__TASK BRIEF__
Can you set down, exactly as they appear below, the lines from the opening of the material through the one bearing "Useful for retracting", minus the pictures?

__DATA SECTION__
────────────────────────────────────────
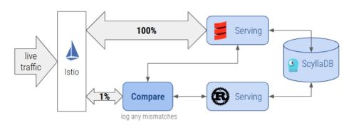 Ensuring Correctness Migrating a critical system like Feature Store Serving isn’t just about performance; it’s essential to guarantee that the new implementation behaves exactly as expected. While we relied on unit and integration tests to catch most issues, we were aware that there was still a risk of missing edge cases or subtle behavioral differences. To address this, we built a “Shadow Testing” system to capture any discrepancies.
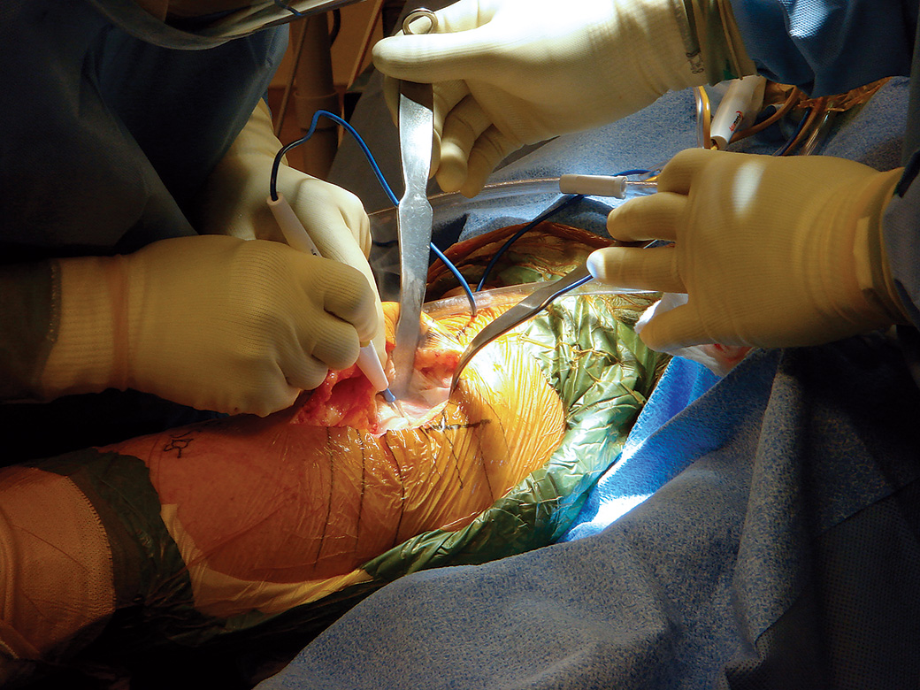 Useful for retracting tissues around the bone. Can be held in place with weights or by hand.
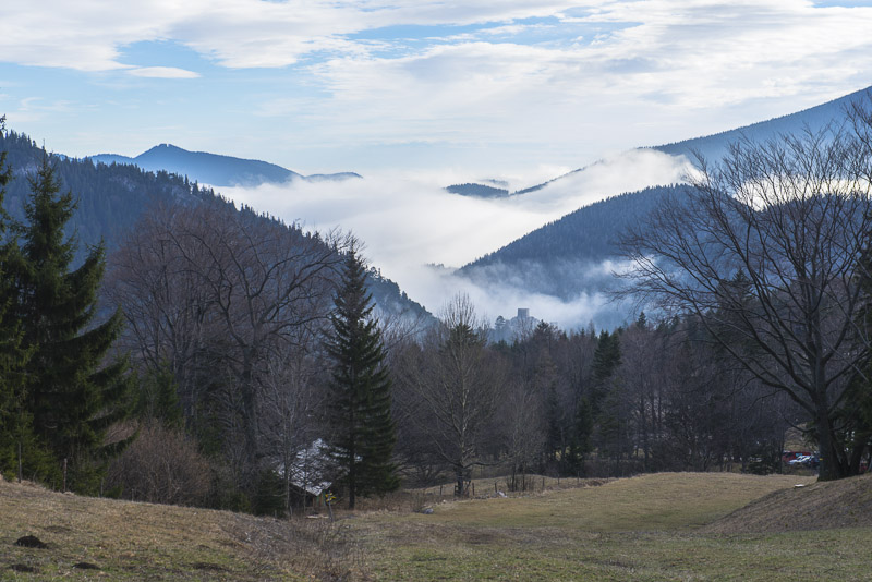 Blick über das Nebelmeer, das über dem Puchberger Tal liegt. Links die Hohe Wand, in der Mitte der Himberg und der Höhenzug zum Gutenmann, ganz rechts die Abhänge des Hohen Hengsts.
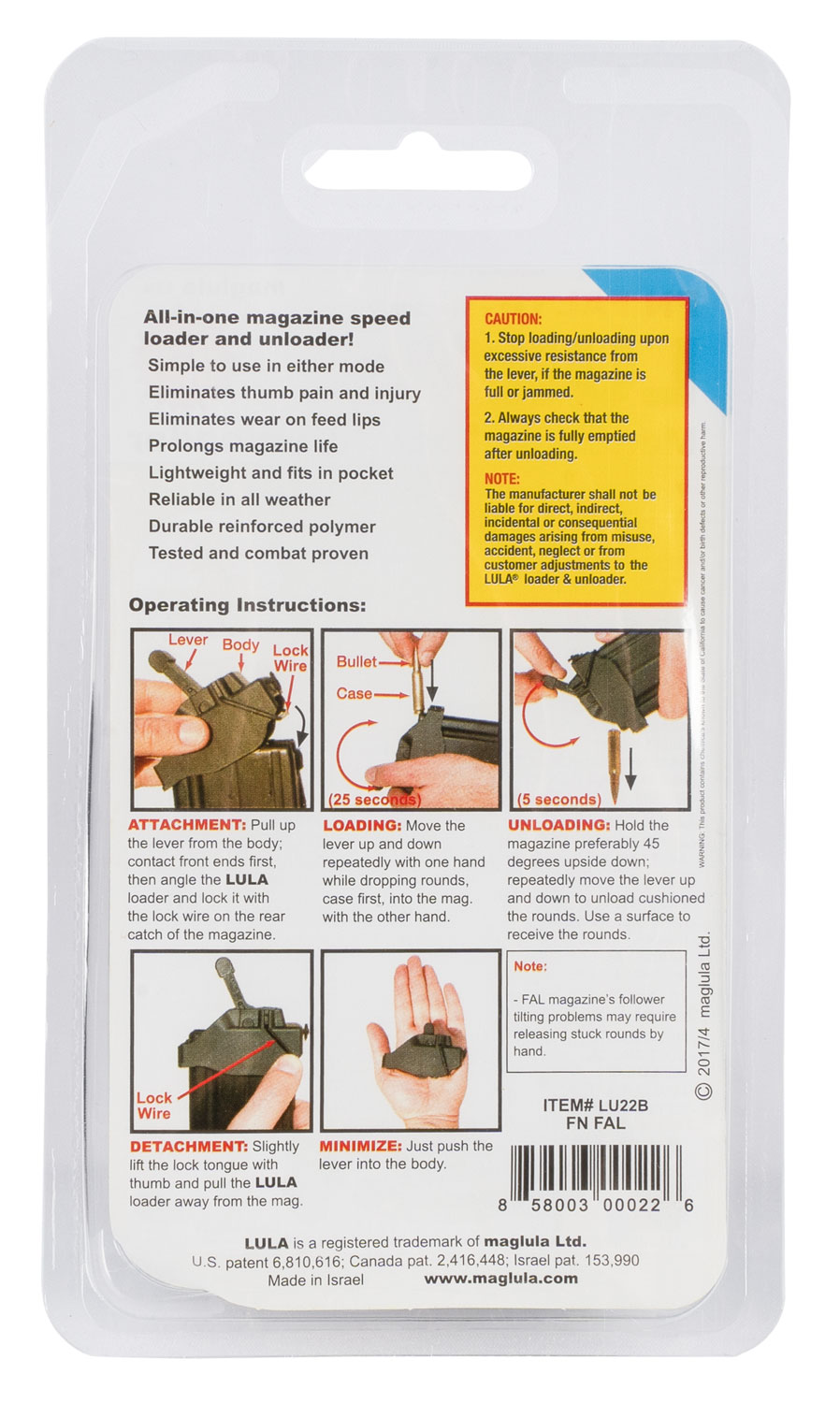 The Maglula LU22B LULA Loader speeds up magazine loading for your .308 Win and 7.62x51mm NATO FAL rifles while reducing hand fatigue and finger soreness. This polymer-built loader and unloader makes range sessions and hunting prep a whole lot easier on your hands.
────────────────────────────────────────
__EXPECTED ANSWER__
 Ensuring Correctness Migrating a critical system like Feature Store Serving isn’t just about performance; it’s essential to guarantee that the new implementation behaves exactly as expected. While we relied on unit and integration tests to catch most issues, we were aware that there was still a risk of missing edge cases or subtle behavioral differences. To address this, we built a “Shadow Testing” system to capture any discrepancies.
 Useful for retracting tissues around the bone. Can be held in place with weights or by hand.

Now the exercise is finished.